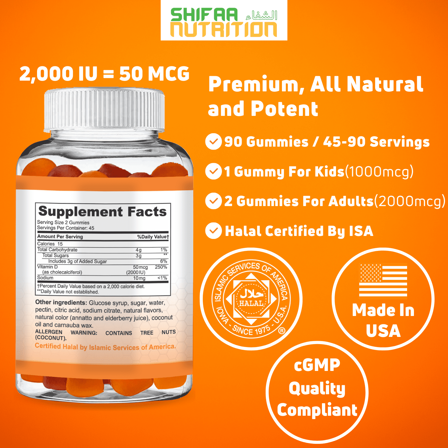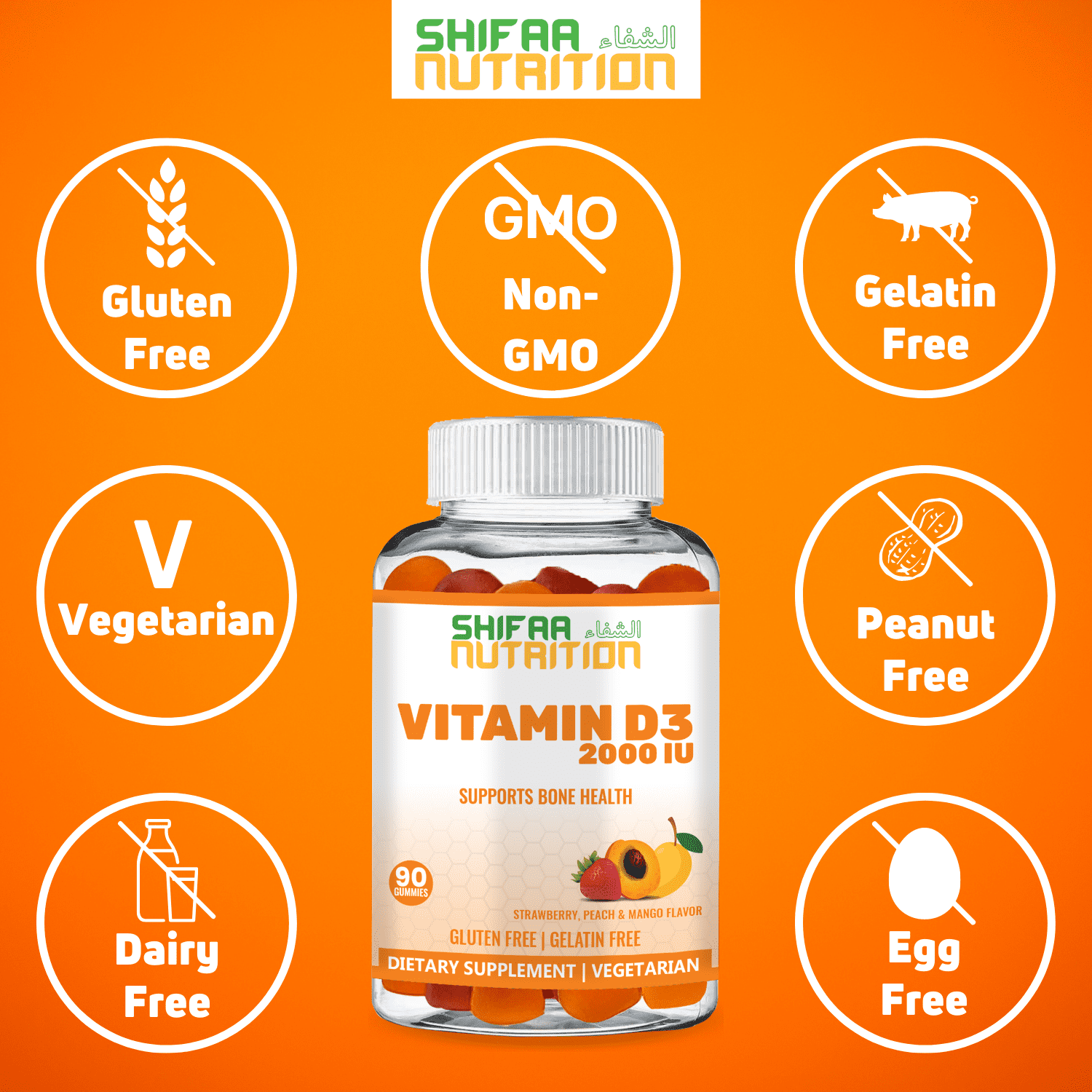 SHIFAA NUTRITION Vitamin D 3 gummies help Support Bone, Muscle, Immune Health and against Osteoporosis. The bottle contains three delicious, naturally derived flavors gummies including Strawberry, Peach, and Mango. The gummies are Halal and Vegetarian and contain no Gelatin. According to the National Osteoporosis Foundation, these gummies meet the recommended daily intake of Vitamin D3
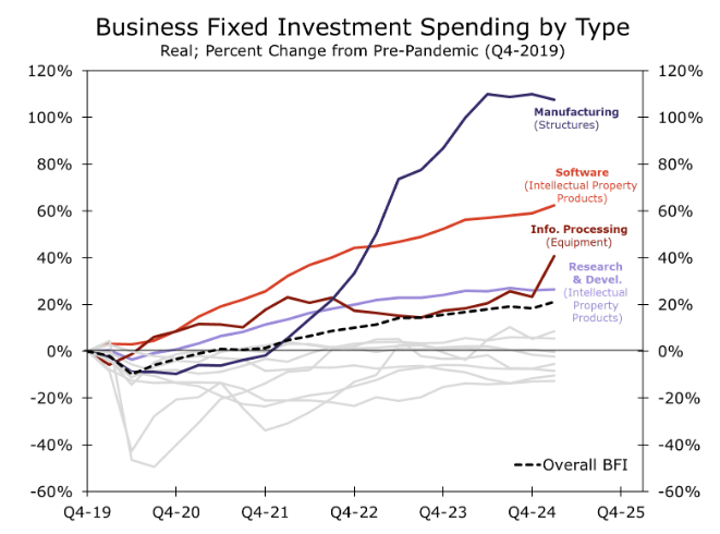 Despite choppy and broadly negative orders data, equipment spending was actually solid in the first quarter, marking the fastest quarterly pick-up in 14 years outside a one-quarter post-pandemic pop in Q3-2020. But most of the strength stemmed from the fastest quarterly gain in information processing equipment on record, which suggests businesses likely pulled forward some demand ahead of tariffs.
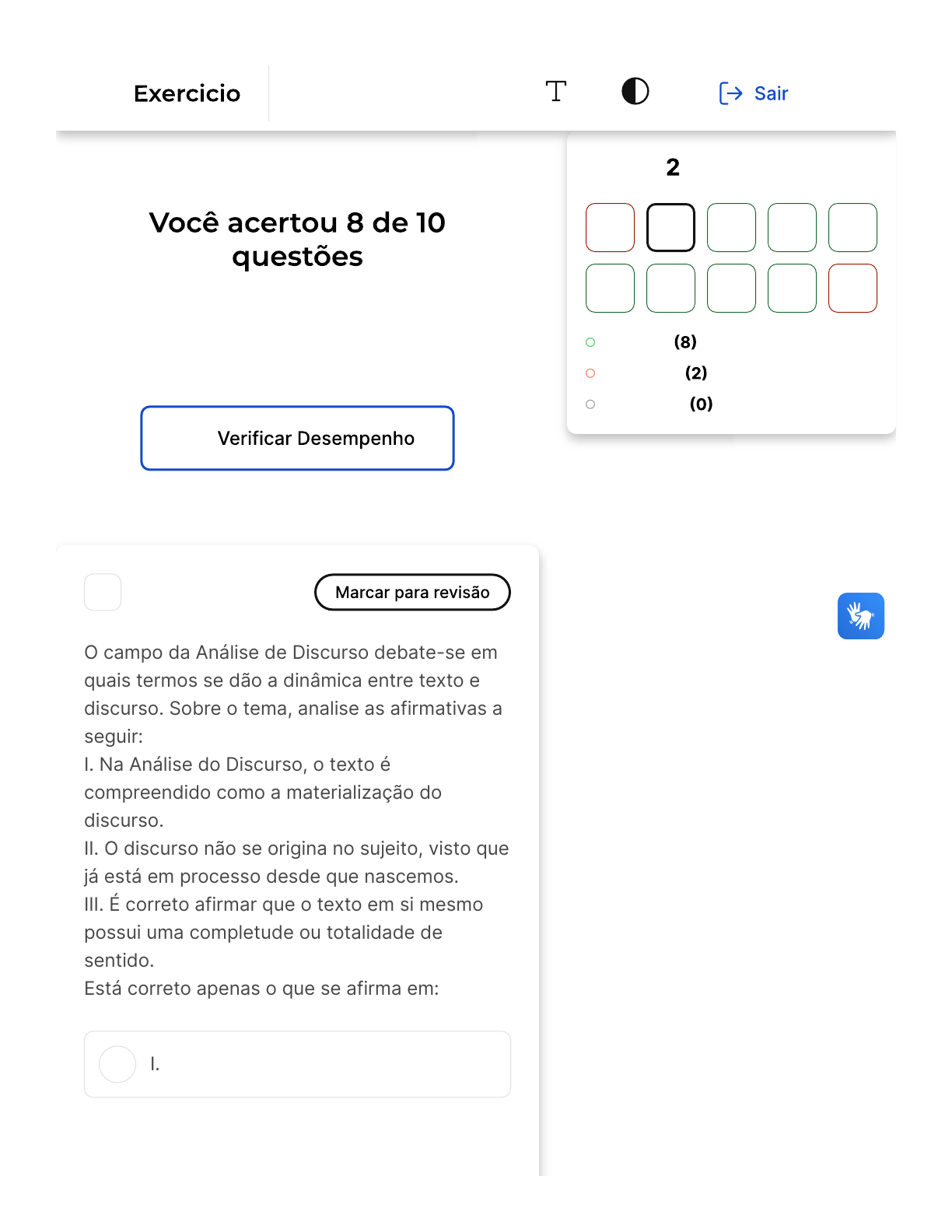 <p>Verifique o seu desempenho e continue</p><p>treinando! Você pode refazer o exercício</p><p>quantas vezes quiser.</p><p>A</p><p>1</p><p>O campo da Análise de Discurso debate-se em</p><p>quais termos se dão a dinâmica entre texto e</p><p>discurso. Sobre o tema, analise as afirmativas a</p><p>seguir:</p><p>I. Na Análise do Discurso, o texto é</p><p>compreendido como a materialização do</p><p>discurso.</p><p>II. O discurso não se origina no sujeito, visto que</p><p>já está em processo desde que nascemos.</p><p>III. É correto afirmar que o texto em si mesmo</p><p>possui uma completude ou totalidade de</p><p>sentido.</p><p>Está correto apenas o que se afirma em:</p><p>I.</p><p>Questão de 10</p><p>Corretas</p><p>Incorretas</p><p>Em branco</p><p>1 2 3 4 5</p><p>6 7 8 9 10</p><p>A Análise Do Discurso</p><p>Firefox https://estacio.saladeavaliacoes.com.br/exercicio/65e54767074a17ccb9...</p><p>1 of 18 04/03/2024, 01:11</p><p>B</p><p>C</p><p>D</p><p>E</p><p>II.</p><p>III.</p><p>I e II.</p><p>II e III.</p><p>Opa! A alternativa correta é a letra</p><p>D. Confira o gabarito comentado!</p><p>Na Análise de Discurso, o texto é entendido</p><p>como a concretização do discurso,</p><p>conforme expresso na afirmativa I. Além</p><p>disso, a afirmativa II está correta ao afirmar</p><p>que o discurso não se origina no sujeito,</p><p>pois ele já está em processo desde o nosso</p><p>nascimento, estando intrinsecamente</p><p>ligado à nossa memória e história. Por outro</p><p>lado, a afirmativa III está incorreta, pois,</p><p>embora o texto possa apresentar um certo</p><p>grau de completude, ele está sempre em</p><p>relação com outros textos e discursos,</p><p>sendo influenciado pela memória e pela</p><p>história. Portanto, o sentido de um texto vai</p><p>além dos seus próprios elementos</p><p>linguísticos, estando sempre em constante</p><p>construção e interpretação.</p><p>Firefox https://estacio.saladeavaliacoes.com.br/exercicio/65e54767074a17ccb9...</p><p>2 of 18 04/03/2024, 01:11</p><p>A</p><p>B</p><p>C</p><p>D</p><p>E</p><p>2</p><p>A Análise do Discurso é um campo de estudo</p><p>que surge no final da década de 60, num</p><p>contexto de efervescência política. Sobre a AD,</p><p>leia as afirmativas a seguir:</p><p>I. A Análise do Discurso estuda as condições de</p><p>produção do discurso.</p><p>II. O texto, na AD, é um conceito que significa a</p><p>mesma coisa que oratória.</p><p>III. As mídias são consideradas, no contexto da</p><p>AD, um aparelho ideológico.</p><p>Está correto apenas o que se afirma em:</p><p>I.</p><p>II.</p><p>III.</p><p>I e III.</p><p>II e III.</p><p>Parabéns, você selecionou a</p><p>alternativa correta. Confira o</p><p>gabarito comentado!</p><p>A Análise do Discurso �AD� é um campo de</p><p>Firefox https://estacio.saladeavaliacoes.com.br/exercicio/65e54767074a17ccb9...</p><p>3 of 18 04/03/2024, 01:11</p><p>estudo que se concentra nas condições de</p><p>produção do discurso, conforme afirmado</p><p>na afirmativa I. Isso significa que a AD</p><p>busca entender como o contexto social,</p><p>histórico e ideológico influencia a maneira</p><p>como o discurso é produzido e</p><p>interpretado. Portanto, a afirmativa I está</p><p>correta.</p><p>A afirmativa II, no entanto, está incorreta.</p><p>Na AD, o conceito de texto não é sinônimo</p><p>de oratória. A oratória é a arte de falar em</p><p>público de forma eloquente, enquanto o</p><p>texto, na AD, é entendido como um produto</p><p>das dinâmicas sociais, históricas e</p><p>ideológicas. Portanto, o texto não se limita</p><p>à oralidade, mas abrange todas as formas</p><p>de expressão discursiva.</p><p>Finalmente, a afirmativa III está correta. Na</p><p>AD, as mídias são consideradas um</p><p>aparelho ideológico. O filósofo Louis</p><p>Althusser definiu os aparelhos ideológicos</p><p>como instituições sociais que ajudam a</p><p>reproduzir as condições de produção</p><p>existentes. Isso inclui a família, a escola, a</p><p>política, a religião, as mídias e as artes.</p><p>Portanto, as mídias, como um aparelho</p><p>ideológico, desempenham um papel</p><p>importante na formação do discurso.</p><p>3</p><p>Os motivos relacionados com o surgimento da</p><p>análise do discurso e mesmo o seu</p><p>desenvolvimento não se limitam a uma única</p><p>questão nem a um momento pontual. Sobre a</p><p>história de constituição da Análise do Discurso,</p><p>Firefox https://estacio.saladeavaliacoes.com.br/exercicio/65e54767074a17ccb9...</p><p>4 of 18 04/03/2024, 01:11</p><p>A</p><p>B</p><p>C</p><p>D</p><p>E</p><p>assinale a alternativa correta.</p><p>A formação discursiva foi elaborada e</p><p>reformulada por Foucault.</p><p>A memória discursiva foi pensada na</p><p>primeira fase da disciplina.</p><p>O conceito de sujeito foi emprestado</p><p>da sociologia.</p><p>A ideologia ocupou um lugar central na</p><p>teoria do discurso.</p><p>A Análise do Discurso unificou, aos</p><p>poucos, seus objetos de estudo.</p><p>Parabéns, você selecionou a</p><p>alternativa correta. Confira o</p><p>gabarito comentado!</p><p>A alternativa correta é a letra D, que afirma</p><p>que a ideologia ocupou um lugar central na</p><p>teoria do discurso. Isso ocorre porque a</p><p>ideologia, entre outros problemas ou</p><p>aspectos tratados pela Análise do Discurso,</p><p>teve um lugar de destaque nos estudos e</p><p>debates da teoria do discurso. As demais</p><p>alternativas não devem ser assinaladas por</p><p>diversos motivos. A formação discursiva foi</p><p>elaborada por Foucault, mas reformulada</p><p>por Pêcheux, o que invalida a alternativa A.</p><p>Firefox https://estacio.saladeavaliacoes.com.br/exercicio/65e54767074a17ccb9...</p><p>5 of 18 04/03/2024, 01:11</p><p>A</p><p>B</p><p>C</p><p>A memória discursiva foi pensada na</p><p>primeira fase da disciplina, o que torna a</p><p>alternativa B incorreta. O conceito de</p><p>sujeito foi emprestado da psicanálise, e n

● ● ● ●

» **Exercise directions**:
Go through the listing above and write it out again exactly, dropping the pictures.

» **Result for this exercise**:
 SHIFAA NUTRITION Vitamin D 3 gummies help Support Bone, Muscle, Immune Health and against Osteoporosis. The bottle contains three delicious, naturally derived flavors gummies including Strawberry, Peach, and Mango. The gummies are Halal and Vegetarian and contain no Gelatin. According to the National Osteoporosis Foundation, these gummies meet the recommended daily intake of Vitamin D3
 Despite choppy and broadly negative orders data, equipment spending was actually solid in the first quarter, marking the fastest quarterly pick-up in 14 years outside a one-quarter post-pandemic pop in Q3-2020. But most of the strength stemmed from the fastest quarterly gain in information processing equipment on record, which suggests businesses likely pulled forward some demand ahead of tariffs.
 <p>Verifique o seu desempenho e continue</p><p>treinando! Você pode refazer o exercício</p><p>quantas vezes quiser.</p><p>A</p><p>1</p><p>O campo da Análise de Discurso debate-se em</p><p>quais termos se dão a dinâmica entre texto e</p><p>discurso. Sobre o tema, analise as afirmativas a</p><p>seguir:</p><p>I. Na Análise do Discurso, o texto é</p><p>compreendido como a materialização do</p><p>discurso.</p><p>II. O discurso não se origina no sujeito, visto que</p><p>já está em processo desde que nascemos.</p><p>III. É correto afirmar que o texto em si mesmo</p><p>possui uma completude ou totalidade de</p><p>sentido.</p><p>Está correto apenas o que se afirma em:</p><p>I.</p><p>Questão de 10</p><p>Corretas</p><p>Incorretas</p><p>Em branco</p><p>1 2 3 4 5</p><p>6 7 8 9 10</p><p>A Análise Do Discurso</p><p>Firefox https://estacio.saladeavaliacoes.com.br/exercicio/65e54767074a17ccb9...</p><p>1 of 18 04/03/2024, 01:11</p><p>B</p><p>C</p><p>D</p><p>E</p><p>II.</p><p>III.</p><p>I e II.</p><p>II e III.</p><p>Opa! A alternativa correta é a letra</p><p>D. Confira o gabarito comentado!</p><p>Na Análise de Discurso, o texto é entendido</p><p>como a concretização do discurso,</p><p>conforme expresso na afirmativa I. Além</p><p>disso, a afirmativa II está correta ao afirmar</p><p>que o discurso não se origina no sujeito,</p><p>pois ele já está em processo desde o nosso</p><p>nascimento, estando intrinsecamente</p><p>ligado à nossa memória e história. Por outro</p><p>lado, a afirmativa III está incorreta, pois,</p><p>embora o texto possa apresentar um certo</p><p>grau de completude, ele está sempre em</p><p>relação com outros textos e discursos,</p><p>sendo influenciado pela memória e pela</p><p>história. Portanto, o sentido de um texto vai</p><p>além dos seus próprios elementos</p><p>linguísticos, estando sempre em constante</p><p>construção e interpretação.</p><p>Firefox https://estacio.saladeavaliacoes.com.br/exercicio/65e54767074a17ccb9...</p><p>2 of 18 04/03/2024, 01:11</p><p>A</p><p>B</p><p>C</p><p>D</p><p>E</p><p>2</p><p>A Análise do Discurso é um campo de estudo</p><p>que surge no final da década de 60, num</p><p>contexto de efervescência política. Sobre a AD,</p><p>leia as afirmativas a seguir:</p><p>I. A Análise do Discurso estuda as condições de</p><p>produção do discurso.</p><p>II. O texto, na AD, é um conceito que significa a</p><p>mesma coisa que oratória.</p><p>III. As mídias são consideradas, no contexto da</p><p>AD, um aparelho ideológico.</p><p>Está correto apenas o que se afirma em:</p><p>I.</p><p>II.</p><p>III.</p><p>I e III.</p><p>II e III.</p><p>Parabéns, você selecionou a</p><p>alternativa correta. Confira o</p><p>gabarito comentado!</p><p>A Análise do Discurso �AD� é um campo de</p><p>Firefox https://estacio.saladeavaliacoes.com.br/exercicio/65e54767074a17ccb9...</p><p>3 of 18 04/03/2024, 01:11</p><p>estudo que se concentra nas condições de</p><p>produção do discurso, conforme afirmado</p><p>na afirmativa I. Isso significa que a AD</p><p>busca entender como o contexto social,</p><p>histórico e ideológico influencia a maneira</p><p>como o discurso é produzido e</p><p>interpretado. Portanto, a afirmativa I está</p><p>correta.</p><p>A afirmativa II, no entanto, está incorreta.</p><p>Na AD, o conceito de texto não é sinônimo</p><p>de oratória. A oratória é a arte de falar em</p><p>público de forma eloquente, enquanto o</p><p>texto, na AD, é entendido como um produto</p><p>das dinâmicas sociais, históricas e</p><p>ideológicas. Portanto, o texto não se limita</p><p>à oralidade, mas abrange todas as formas</p><p>de expressão discursiva.</p><p>Finalmente, a afirmativa III está correta. Na</p><p>AD, as mídias são consideradas um</p><p>aparelho ideológico. O filósofo Louis</p><p>Althusser definiu os aparelhos ideológicos</p><p>como instituições sociais que ajudam a</p><p>reproduzir as condições de produção</p><p>existentes. Isso inclui a família, a escola, a</p><p>política, a religião, as mídias e as artes.</p><p>Portanto, as mídias, como um aparelho</p><p>ideológico, desempenham um papel</p><p>importante na formação do discurso.</p><p>3</p><p>Os motivos relacionados com o surgimento da</p><p>análise do discurso e mesmo o seu</p><p>desenvolvimento não se limitam a uma única</p><p>questão nem a um momento pontual. Sobre a</p><p>história de constituição da Análise do Discurso,</p><p>Firefox https://estacio.saladeavaliacoes.com.br/exercicio/65e54767074a17ccb9...</p><p>4 of 18 04/03/2024, 01:11</p><p>A</p><p>B</p><p>C</p><p>D</p><p>E</p><p>assinale a alternativa correta.</p><p>A formação discursiva foi elaborada e</p><p>reformulada por Foucault.</p><p>A memória discursiva foi pensada na</p><p>primeira fase da disciplina.</p><p>O conceito de sujeito foi emprestado</p><p>da sociologia.</p><p>A ideologia ocupou um lugar central na</p><p>teoria do discurso.</p><p>A Análise do Discurso unificou, aos</p><p>poucos, seus objetos de estudo.</p><p>Parabéns, você selecionou a</p><p>alternativa correta. Confira o</p><p>gabarito comentado!</p><p>A alternativa correta é a letra D, que afirma</p><p>que a ideologia ocupou um lugar central na</p><p>teoria do discurso. Isso ocorre porque a</p><p>ideologia, entre outros problemas ou</p><p>aspectos tratados pela Análise do Discurso,</p><p>teve um lugar de destaque nos estudos e</p><p>debates da teoria do discurso. As demais</p><p>alternativas não devem ser assinaladas por</p><p>diversos motivos. A formação discursiva foi</p><p>elaborada por Foucault, mas reformulada</p><p>por Pêcheux, o que invalida a alternativa A.</p><p>Firefox https://estacio.saladeavaliacoes.com.br/exercicio/65e54767074a17ccb9...</p><p>5 of 18 04/03/2024, 01:11</p><p>A</p><p>B</p><p>C</p><p>A memória discursiva foi pensada na</p><p>primeira fase da disciplina, o que torna a</p><p>alternativa B incorreta. O conceito de</p><p>sujeito foi emprestado da psicanálise, e n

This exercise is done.